Ontario has come to an agreement with the federal government to implement $10/day childcare to the province by 2025.

By Meredith Bond and the Canadian Press

Ontario has become the last province in Canada to sign a deal to bring $10 per day child care to the province by 2025.

Parents will start receiving rebates that will cut fees by up to 25 per cent in May. They will see a further cost reduction in December, when fees will be reduced by up to 50 per cent, saving families an average of $6,000 per year.
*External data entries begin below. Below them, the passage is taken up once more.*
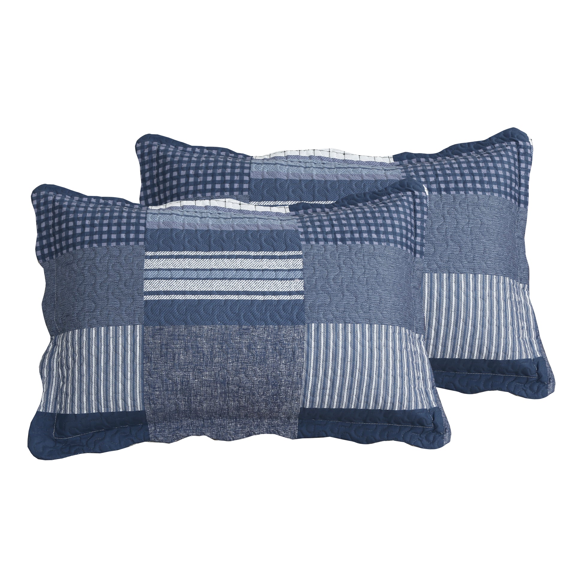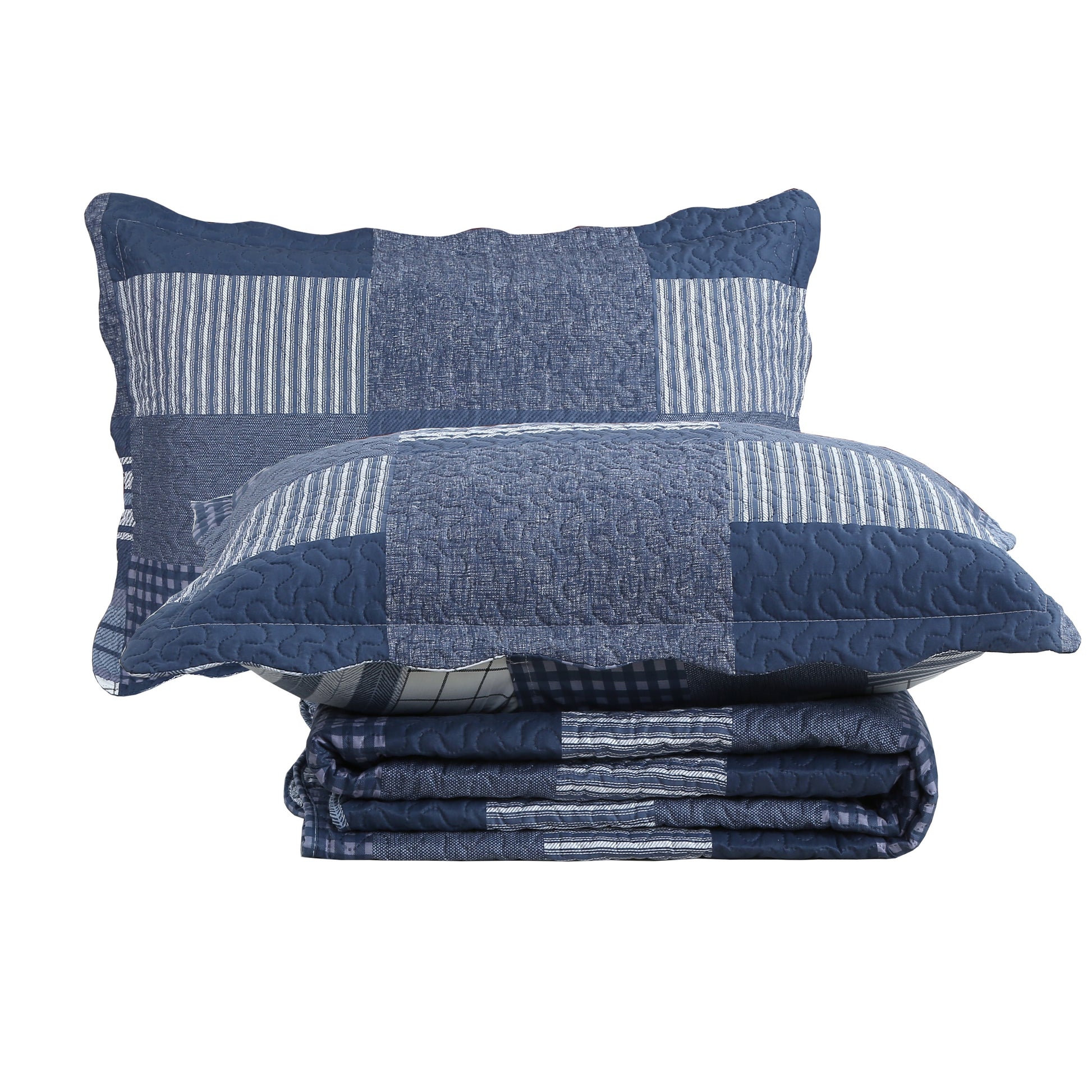 Printed Modern Design - This Unique Decorative Printed Embossed Quilt Sets is Perfect for Home Decoration. This Classic Plaid Pattern is Consist of Navy Blue, Blue and White Gingham Solid Stripes Plaid. Fine Linen Breathable Elegant and Reversible Luxury Lightweight Quilt Bedding Set. Perfect Choice for Homeowners with Sophisticated Tastes in Decoration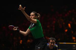 (251002) -- BEIJING, 2 octubre, 2025 (Xinhua) -- Wang Chuqin (i)/Sun Yingsha compiten durante la semifinal de dobles mixtos entre...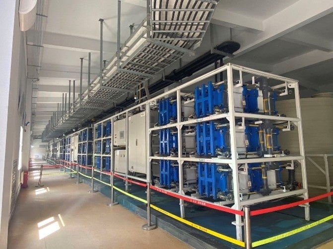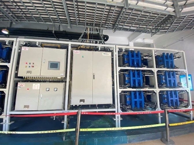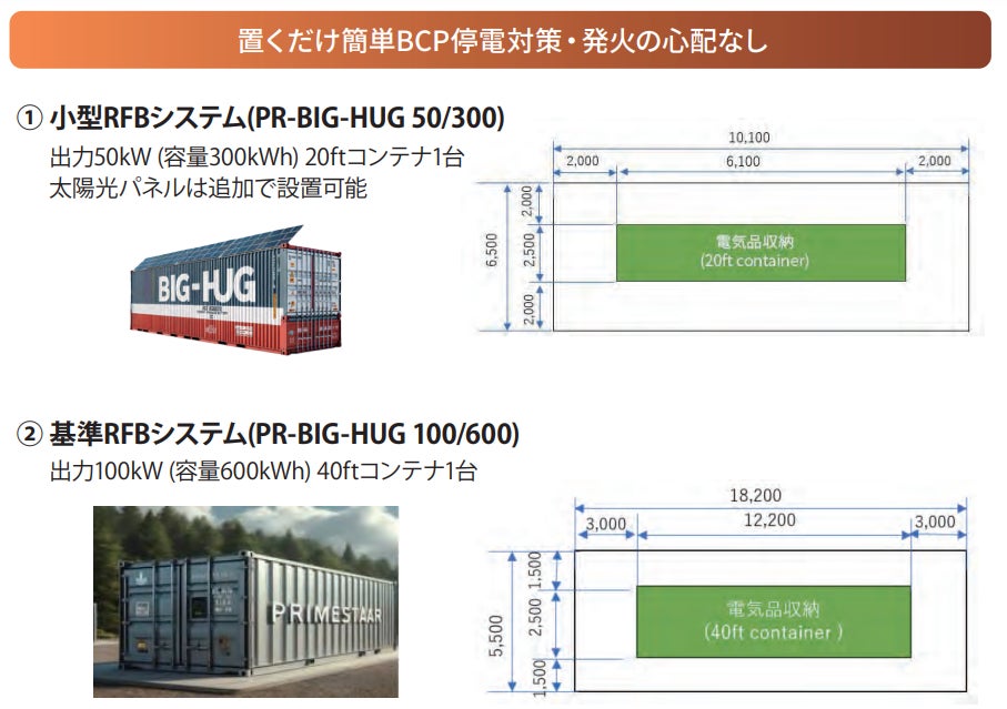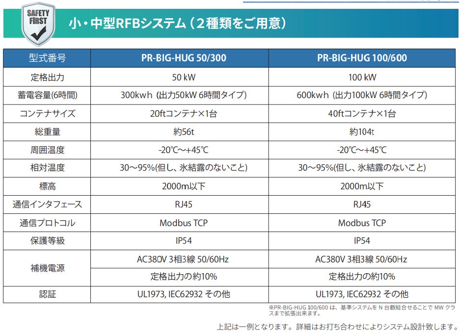 消耗品は、イオン交換膜(IEM)・パワーコンディショナーシステム(PCS)・そして、換気システム(INV)・循環ポンプなど一部の電気部品のみとなります。また、レドックス・フロー蓄電池は、セルと電解液を分離して設置することができます。充電した電解液を密閉容器に保存することで、低コストで長期間の電力貯蔵が可能となります。このように、レドックス・フロー蓄電池は、安全性と寿命などにおける優位性を持っています。今回、比較的コンパクトなサイズとし、分散設置をすることにより、

“This is real money for families at a time where we know cost of living continues to go up … The challenges that our economies are facing means this is real money that will stay in the pockets of families this year to help with everything,” said Prime Minister Justin Trudeau

Further cuts will be made in September 2024 and will reach $10 a day by September 2025.

The deal, worth $13.2 billion over five years, was announced on Monday by Premier Doug Ford with Trudeau in Brampton.

The agrement also has Ontario creating 86,000 child-care spaces, though that number includes more than 15,000 spaces already created since 2019.

“We know the economic growth that is unlocked when moms no longer have to choose between having a family or advancing their career. It’s a benefit not just to family, not just to kids, but to all of us,” said Trudeau in his announcement.

“It is the fruits of more than half a century of activism by Canadian feminists who have understood for a really really long time that early learning and child care was an essential feminist policy, but also an essential economic policy,” added Deputy Prime Minister Chrystia Freeland.

The province confimed Monday they had secured a sixth year of funding, which will be its share of $9.2 billion long-term funding laid out in the initial child care plan from the federal government.

The provincial government was also able to secure more flexibility in how the money will be spent, and able to secure a review with a deal in year three with more possible funding being implemented at that point.

Minister of Education Stephen Lecce said while other provinces’ funding will focus on not for profit childcare, Ontario was “able to secure some flexibility to protect parental choice, including for those small business owners, often women-owned enterprises.”

Lecce added they will be maintaining the Ontario child care tax credit program as well.

Rebates will start to be handed out in May, just a few weeks before the provincial election is set to take place. Ford explained this child care deal is just one of the ways his government is “laser focused on finding more ways to keep costs down for Ontario families.”